The common fund doctrine again reached the State Supreme Court in Bishop v. Burgard, 764 N.E.2d 24 (Ill.2002). In that case, an employee sued the driver of the other vehicle involved in a car accident that had injured the employee. She signed a contingency agreement with her attorney. The employee's medical bills, totaling $8,576.30, had been paid by the employer's medical plan, which had noticed its lien in that amount against the proceeds of the lawsuit. The case settled for $21,500. Plaintiff's attorney was unsuccessful in efforts to have the Plan reduce its lien by one-third to reflect attorney's fees, so he filed a petition to adjudicate the lien. The issues presented included whether ERISA preempted the doctrine in this context and, if not, whether the doctrine applied or whether the terms of the plan prevailed. In addition, if the terms of the plan prevailed, there remained the question whether the terms of the plan were unenforceable as a violation of public policy.

The Bishop Court relied on Ragan v. Columbia Mutual Ins. Co., 701 N.E.2d 493 (1998), which had held that ERISA does not preempt the common fund doctrine. Finding nothing in the case before it that would call Scholtens into question either substantively or on the facts, the Court applied Scholtens. The Court emphasized that ERISA does not preempt the doctrine because the claim for attorney's fees arises independently of both the benefit plan and the subrogation agreement. Bishop, 764 N.E.2d at 31. See Mackey v. Lanier Collection Agency & Svc. Inc., 486 U.S. 825, 833 n.8 (1988)(noting in dicta that common fund claims for attorney's fees are not preempted by ERISA). Furthermore, because of its independent nature, a common fund claim for attorney's fees is not governed by the terms of the plan. Bishop, 764 N.E.2d at 34.

A few months ago, the Illinois Court of Appeals for the Fifth District decided Howell v. Dunaway, 924 N.E.2d 1190 (Ill.App.2010). The Howell Court found that, in Bishop, the Supreme Court had expanded the common fund doctrine from its expression in Maynard, shifting the focus from the relationship between the parties to the "real question" of "whether the claimant had benefitted from the lawsuit without contributing to its costs, thereby becoming unjustly enriched." Id. at 1195. The Howell Court pointed out that the relationship between a plaintiff and a hospital/lienholder is much more like a subrogor/subrogee relationship "than the court in Maynard recognized." Id..

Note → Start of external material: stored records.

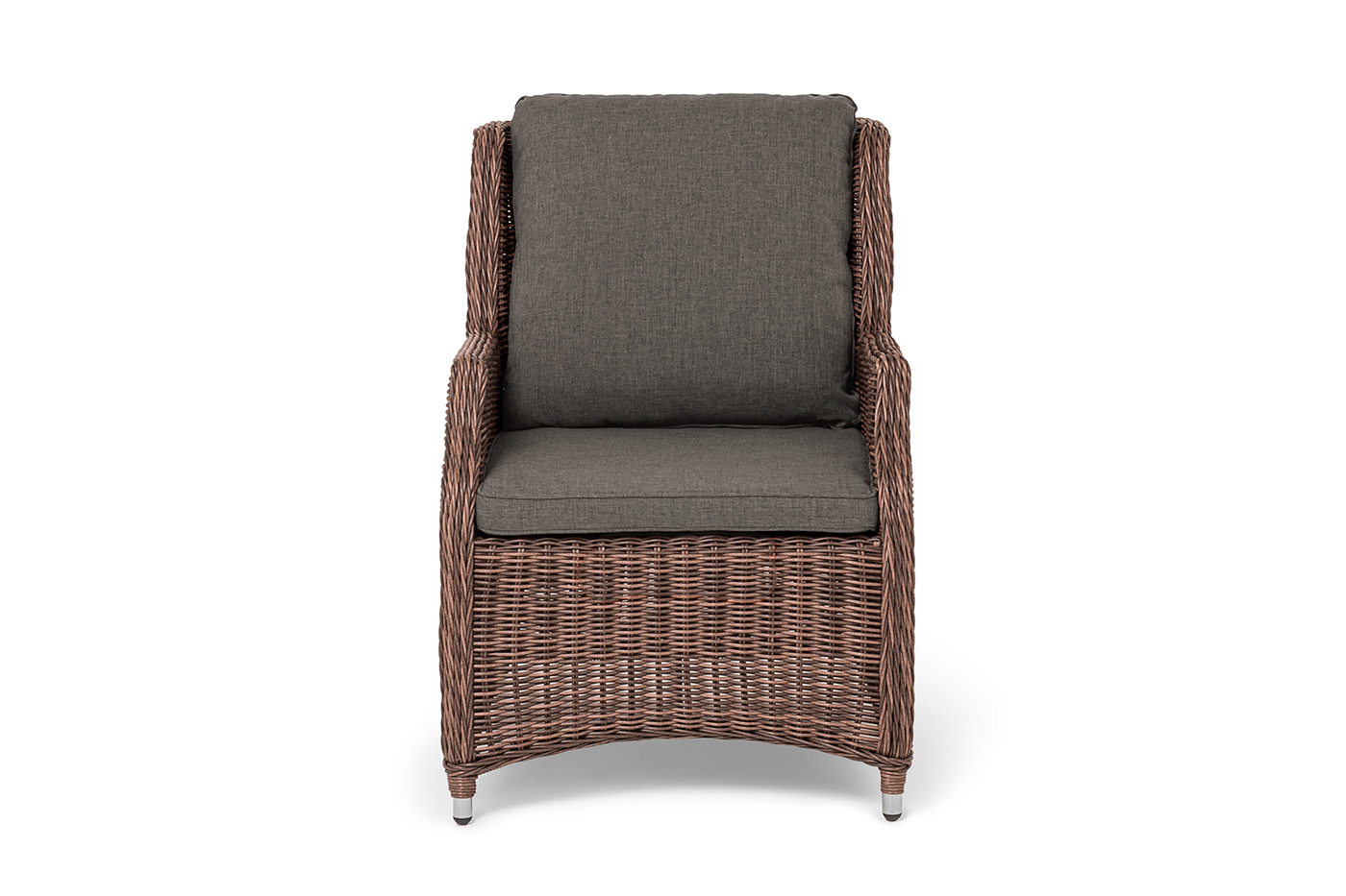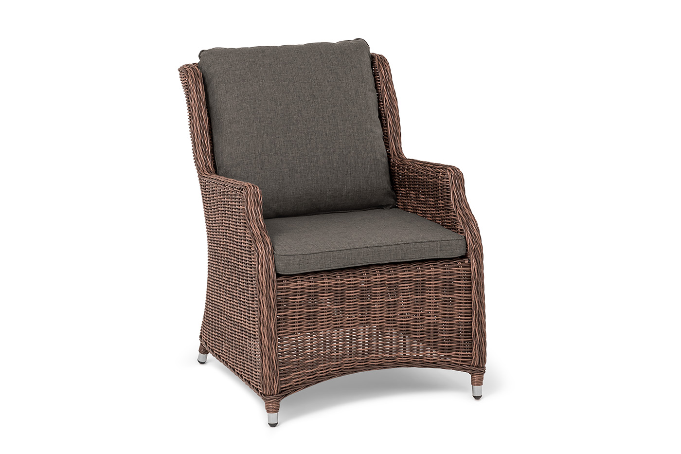 Спинка и подлокотники имеют планые линии, благодаря своим закругленным формам. Каркас мебели сделан из алюминия. Присутствует ручное круглое плетение, при изготовлении которого используется искусственный ротанг. Представлено в коричневом цвете.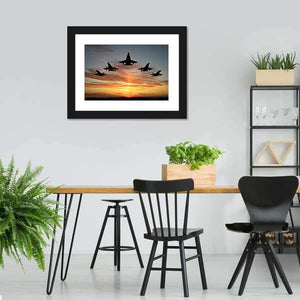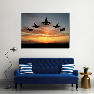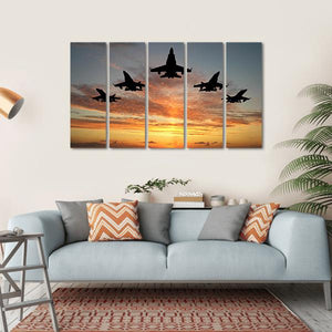 Experience the power and drama of fighter jets soaring against a stunning sunset. This modern canvas art captures five jets in a V formation, surrounded by clouds illuminated in vibrant hues of orange and blue, creating a serene yet striking silhouette.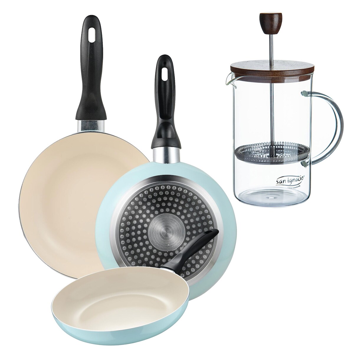 BERGNER - Set aus 3 Pfannen Ø16/Ø20/Ø24 cm gepresstes Aluminium Himmelblau Stempel-Kaffeemaschine aus Borosilikatglas 15,8×10×18,8 cm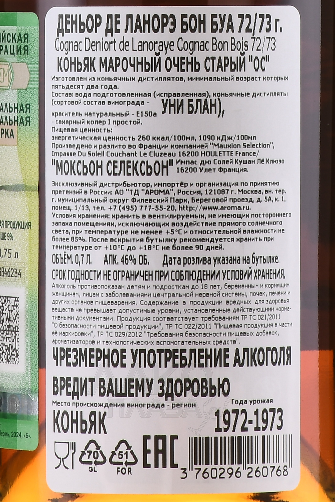 Deniort de Lanoraye Bons Bois Lot 72/73 - коньяк Деньор де Ланорэ Бон Буа Лот 72/73 0.7 л в д/у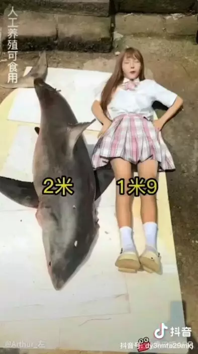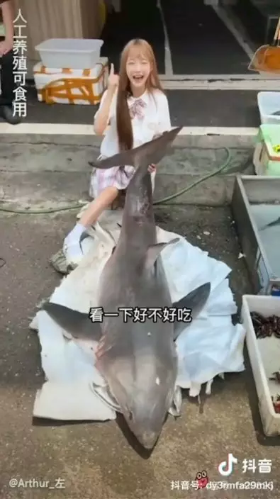 女網紅在店舖外將包裹拆開,內裝一條體型碩大的鯊魚。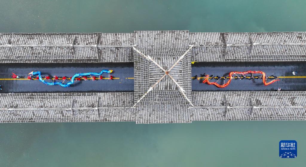 2月5日,在湖南省懷化市新晃侗族自治縣,人們在風(fēng)雨橋上進(jìn)行舞龍表演(無(wú)人機照片)。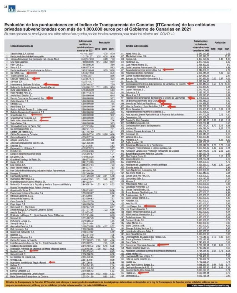 1. Aquí publicamos las SUBVENCIONES (hoy las llaman paguitas) del Gobierno de Canarias, CON DINERO PÚBLICO que se dan a tantísimas empresas privadas. Entre los agraciados, por supuestos están Jorge Marichal (Ashotel), Wolfgang Kiessling (Loroparque) y otros tantos empresarios que no hacen más que quejarse de lo público y de lo mucho que ellos ayudan a la economía…

With all due respect to the Howell Court, the Supreme Court of Illinois has spoken, clearly and unambiguously: the common fund doctrine does not apply to hospital liens. Moreover, I do not believe that the Supreme Court will adopt the reasoning used by the Fifth Circuit in Howell. The "shift in focus" noted by the Howell Court is not nearly as pervasive as that Court would have it. In Bishop, the Supreme Court emphasized the centrality of the nature of the relationship between the parties, emphasizing that the quasi-contractual right to payment of fees was independent of and irrelevant to the contractual relationship between the health care plan and the beneficiary. 764 N.E.2d at 31. It was only in the context of those relationships that the Court reached its decision that ERISA did not preempt the common fund doctrine as it applies to attorney's fees claims. Bishop demonstrates with some force that the nature of the relationship between the parties remains crucial in deciding whether the common fund doctrine applies. There is nothing in that opinion to suggest that a reconsideration of Maynard is forthcoming.

Other than the Howell challenge to the lien, Plaintiff has raised no other significant issue. I conclude that Maynard applies, and under Maynard, the lien asserted by OSF is not subject to the common fund doctrine.

The OSF lien is therefore to be paid in full. The Petition by OSF is allowed.